2.8 Let me move on to the FY 2003 Budget, which is summarised in the last column of the table.

2.9 The operating revenue for FY 2003 is estimated at $29.6 billion. This includes $3.0 billion in NII contribution, and is $500 million more than the operating revenue for the previous year. Total expenditure is budgeted at $30.0 billion, comprising $20.4 billion in operating expenditure, and $9.6 billion in development expenditure. Taking into account the $600 million provision for ERS, the Government is, therefore, projecting a deficit of $900 million, before taking into account the fiscal changes in this Budget Speech.

2.10 The Government turned in a budget deficit in FY 2001, and is likely to be in deficit again in FY 2002 and FY 2003. This will be the third consecutive year that the Government is running a budget deficit. But this is the appropriate fiscal stance to adopt in an economic downturn. During recessions, revenues will fall, but expenditures need to be maintained to fund essential projects and services, thereby resulting in a budget deficit. This deficit serves as a stabiliser to steer the economy towards the path of recovery. The Government has done this previously, although not in recent years. After the deep recession in 1985, we ran a budget deficit for two consecutive years, in FY 1986 and FY 1987.

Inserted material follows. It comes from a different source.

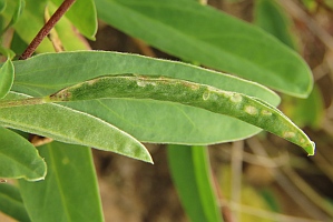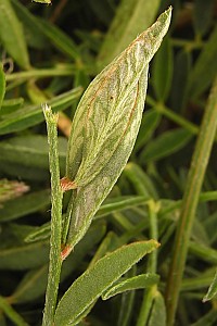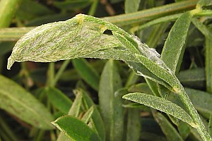 Von Klimesch (1984: 164) ist zum Synonym Iwaruna psoralella zu erfahren: "Die Raupe miniert in der Jugend und lebt später in zusammengesponnenen Blättern von Psoralea bituminosa."
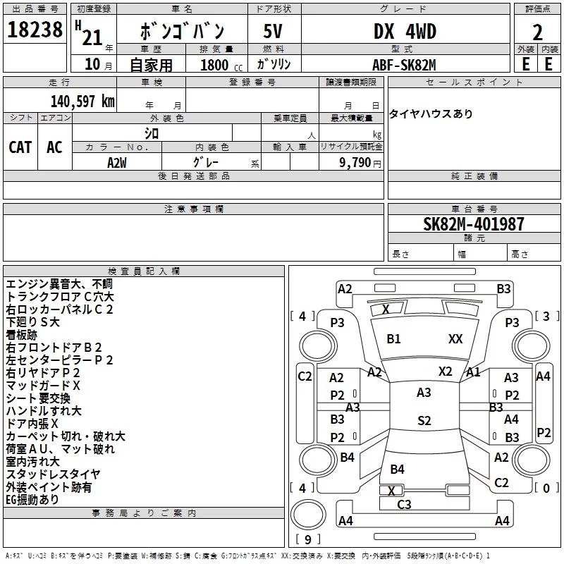 Mazda BONGO VAN с аукциона Японии TAA Yokohama лот № 18238

2.11 I assure the House that this Government has not changed its longstanding prudent fiscal policy. The Ministry of Finance continues to plan for a modest budget surplus over the business cycle. In difficult years, we can accept a deficit. But we intend to accumulate surpluses in good years, to cover these deficits and build up the reserves for rainy days. This prudent and disciplined approach has kept the Singapore dollar strong and inflation low. If we spend beyond our means, inflation would go up, the value of Singaporeans' savings would be eroded, especially our CPF savings, and confidence in our currency and economy would fall.

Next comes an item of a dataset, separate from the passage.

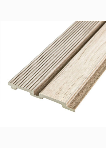 Стеновые рейки WPC Описание: Стеновые рейки WPC – строительный материал для внутренней отделки, имитирующий натуральную древесину. Фактура: гладкая, имитация деревянной рейки Рейки состоят из следующих слоев: Полимерный слой, защищает от потертостей и мелких механических повреждений, обеспечивает долговечность использования, а УФ защита помогает предотвратить выгорание, сохраняя цвет декоративного слоя насыщенным, за счет чего рейка долго имеет свой первоначальный эстетический вид. Декоративный слой: пленка с цветной печатью высокого разрешения, которая полностью имитирует фактуру природных материалов, благодаря четкому и детализированному изображению. Основной слой WPC: представляет собой композитный материал, который объединяет в себе древесные волокна (или стружку) с полимерными материалами, что обеспечивает материалу прочность, устойчивость к влаге и стойкость к воздействию внешней среды. Температурный режим: от -50º до +80º С Применение: внутренние отделочные работы: декорирование стен во всех видах жилых помещений (кухня, гостиная, детская или спальня, входная группа) и коммерческих помещений (офисные помещения, зоны рецепций, магазины, салоны красоты или фитнес-центры), декорирование мебели, дверей и других ровных поверхностей. Свойства и преимущества материала: Устойчивость к влаге: материал WPC обладает высокой устойчивостью к воздействию влаги, не разбухает и не деформируются. Устойчивость к гниению и насекомым: в отличие от древесины, WPC не подвержен гниению и не привлекает насекомых. Стойкость к воздействию ультрафиолета: стеновые панели WPC сохраняют свой цвет и структуру под воздействием ультрафиолетового излучения. Привлекательный внешний вид: декоративный слой имитирует натуральное дерево, это позволяет создавать стильные и эстетичные интерьеры, снижая при этом использование чистой древесины. Простота обслуживания: стеновые панели WPC обычно не требуют сложного ухода. Они не требуют покраски, обработки антисептиками и формальдегидами, сохраняют свой внешний вид на протяжении долгого времени. Расчет нужного количества материала: Измерьте длину и высоту оклеиваемой поверхности. Умножьте длину на высоту каждой поверхности в метрах и составьте полученные результаты, чтобы получить площадь.К примеру, после измерений вы получили:Длина стены 3,2 м.Высота стены 2,7 м.3,2*2,7 = 8,64 м ² Получившуюся площадь необходимо разделить на площадь одной рейки (152*3000= 0,456 м²) и округлить в большую сторону:8,64/0,456=18,95 округляем до 19.В процессе монтажа могут возникнуть отходы, связанные с порезкой реек, поэтому рекомендуется добавить в расчет запасные 1-2 шт. Инструкция по монтажу: Подготовьте поверхность, на которую будут крепиться рейки. Их можно устанавливать на оштукатуренные стены, гипсокартонные плиты и древесные материалы. Если стена оклеена обоями, рекомендуем их снять. Для порезки рейки используйте циркулярную пилу или лобзик. Прикрепить рейку к нужной поверхности можно с помощью монтажного клея, желательно на полиуретановой или силиконовой основе. Пользуясь инструкцией, нанести клей на заднюю часть рейки, после чего установить на нужную поверхность. Рейки можно собирать вертикально или горизонтально. Помимо монтажного клея, можно использовать строительный степлер, чтобы закрепить их на стене. Прикреплять скобы необх

2.12 However, we must recognise that it will be more difficult to balance the budget in future, even after the economy has recovered. Revenues will be less buoyant, as we lower income tax rates further, and as our GDP grows less rapidly. On the other hand, we will come under persistent pressure to spend more, especially in healthcare and social services, as the population ages.

2.13 Government expenditure has already gone up over the years. A decade ago, it was only 15% of GDP. This year, it will be 19% of GDP. This is still low compared to the 40% or 50% share of GDP that the Government takes up in most developed countries. This is the result of our deliberate policy to focus spending on critical areas that yield lasting returns, but it also reflects our relatively young population.

2.14 In healthcare, for example, our national expenditure currently stands at 3.5% of GDP. 3.5% is much lower than any developed country, but this is not solely because of our efficient healthcare system. It is also because our population is much younger. If our population had the same age profile as, for example, the UK, then based on our present spending patterns alone, our national expenditure on healthcare would be 7.2% of GDP, higher than the UK's figure of 6.8%. Similarly, if we were to match the age profile of Japan, our health expenditure would be close to Japan's (6.6% versus 7.4%). As our population is ageing rapidly, we must expect our national health expenditure, including government's share, to go up too.

2.15 Higher government spending will mean higher taxes. To keep taxes as low as possible, we must target government social spending to reach those who need it most. One effective way to do so is through means-testing. The Ministry of Health already uses means-testing to decide on subsidies for step-down healthcare. As revenue pressures intensify in future, we will need to extend means-testing to other medical and social services. This will ensure that truly needy Singaporeans receive adequate support, despite our budget constraints.